A good booking pace depends on your market and how far in advance you are looking. Generally, having 50–70% of nights booked 30 days out is healthy for most markets. Pace is only meaningful when compared against the same period in prior years and against your comp set, not in absolute terms.

Track the percentage of available nights booked for a future date range at a specific point in time. If 15 of 30 nights are reserved for next month as of today, your 30-day forward booking pace is 50%. Repeat this measurement weekly to detect whether pace is accelerating or decelerating.

When pace is running ahead of your historical average, demand is strong — hold or raise rates on remaining open dates. When pace is trailing by 10% or more with fewer than 30 days to go, targeted discounts recover more revenue than leaving dates open at full price.
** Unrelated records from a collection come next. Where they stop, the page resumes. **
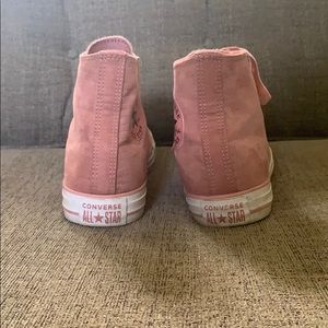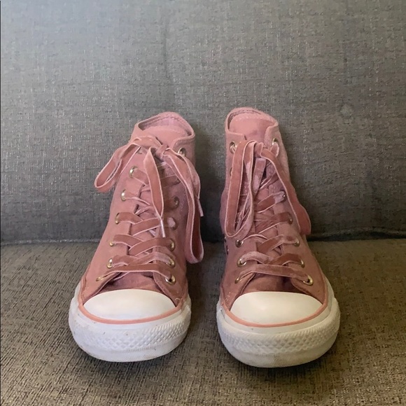 They are pink and very comfortable!! They have only been worn twice and are in very good condition!!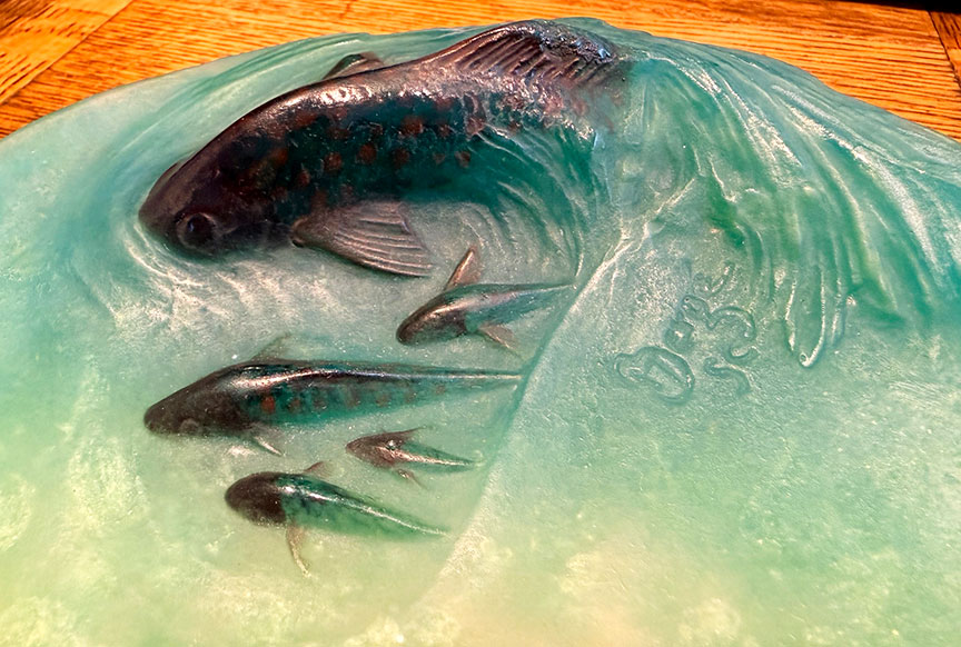 This delightful tray has a school of beautiful fish on a seafoam green background. 6" in diameter. Signed A. WALTER NANCY and the artist Bergé. Mint condition.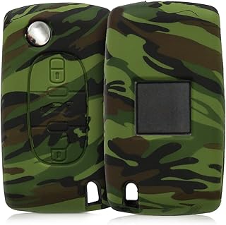 kwmobile Accessoire Clé de Voiture Compatible avec Peugeot Citroen 3-Bouton - Coque de Protection Souple en Silicone - Camouflage Noir-Vert Clair-Vert foncé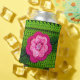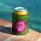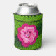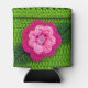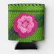 Pink Flower with Pearl Button Light Green Crochet Can Cooler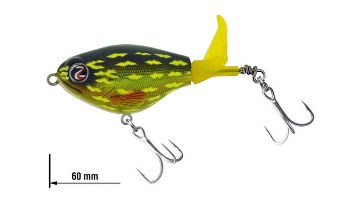 River2Sea Whopper Plopper je velice úspěšná povrchová nástraha, která vydává nízkofrekvenční vibrace lákající dravce v okolí. V zadní části Whopper Plopperu je malý propeler, který i při velice pomalém tažení čeří vodu a nechává za sebou výraznou zvukovou i vizuální stopu.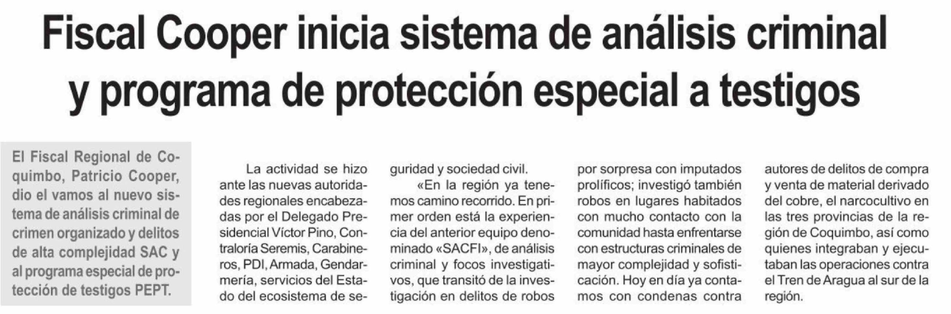 Fiscal Cooper inicia sistema de análisis criminal y programa de protección especial a testigos 08-04-2026 Diario la Región |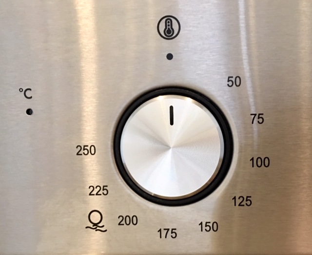 Our cookie recipes called for the oven to be set at 375 degrees Fahrenheit. John used a Fahrenheit to Celsius converter on his cell phone and did the conversion. 375 degrees Fahrenheit is 190.556 degrees Celsius. Oh, that’s easy, NOT. You push the knob, it pops out, and then you can move the dial. (And no, the top digital display does NOT display the temperature.) Where in the world do you set 190.556 degrees Celsius? Even if you wanted to do an even 200 degrees, it’s not obvious – point it at the 2 of 200, the first 0, the second 0 – where exactly? And, at what point between the 175 and 200 markings is 190.556? I settled for what I thought was slightly below 200, to the right of the last 0 in 200. I had the temperature, or something close, but now actually had to start the oven.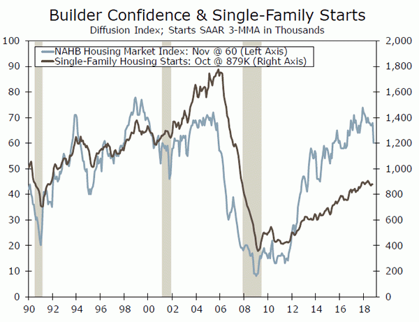 Rising mortgage rates are likely playing a role in the recent housing market slowdown. Over the past six months, sales of both new and existing homes have weakened and home prices across the country have begun to moderate. This week also presented further evidence of a housing soft patch, as the NAHB/Wells Fargo Housing Market Index showed the sharpest drop in homebuilder confidence in nearly five years. Meanwhile, mortgage purchase applications have trended lower recently, falling 1.1% over the past year on a four-week moving average basis through the week of November 16.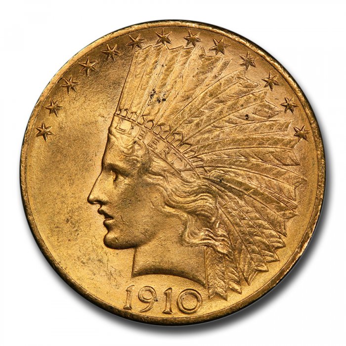This 1910-D $10 Indian Gold Eagle has been certified as MS-63 by PCGS, one of the top two coin grading services. This highly collectible coin is a great addition to any numismatic collection!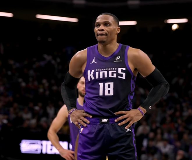 而就在这次反击过程当中,詹姆斯再次犯下大错,在防守端眼神防守,直接漏人。对面蒙克接到球原地干拔的时候,詹皇站在原地跳都没跳,连手都不伸,看着蒙克在他脸上命中三分,把分差重新变成13分。短短13秒,8分分差变13分,詹姆斯先是一次致命失误白送球权,回来又不防守,看着对面在他脸上投中3分,一攻一防,葬送球队。

AirROI data shows Gatlinburg, TN and New Orleans, LA lead at 57.7 days, followed by Scottsdale, AZ (55.6 days) and Nashville, TN (54.8 days). Urban markets like Miami (35.4 days) and Austin (38.3 days) see much shorter lead times, reflecting last-minute booking behavior common in business-travel and urban leisure markets.

Booking lead time is the average number of days between when a reservation is made and the check-in date — a single summary number. Booking pace is the dynamic rate at which reservations accumulate over time for a specific future period. Both measure forward demand, but pace reveals the trajectory (accelerating or decelerating), while lead time measures the typical planning horizon.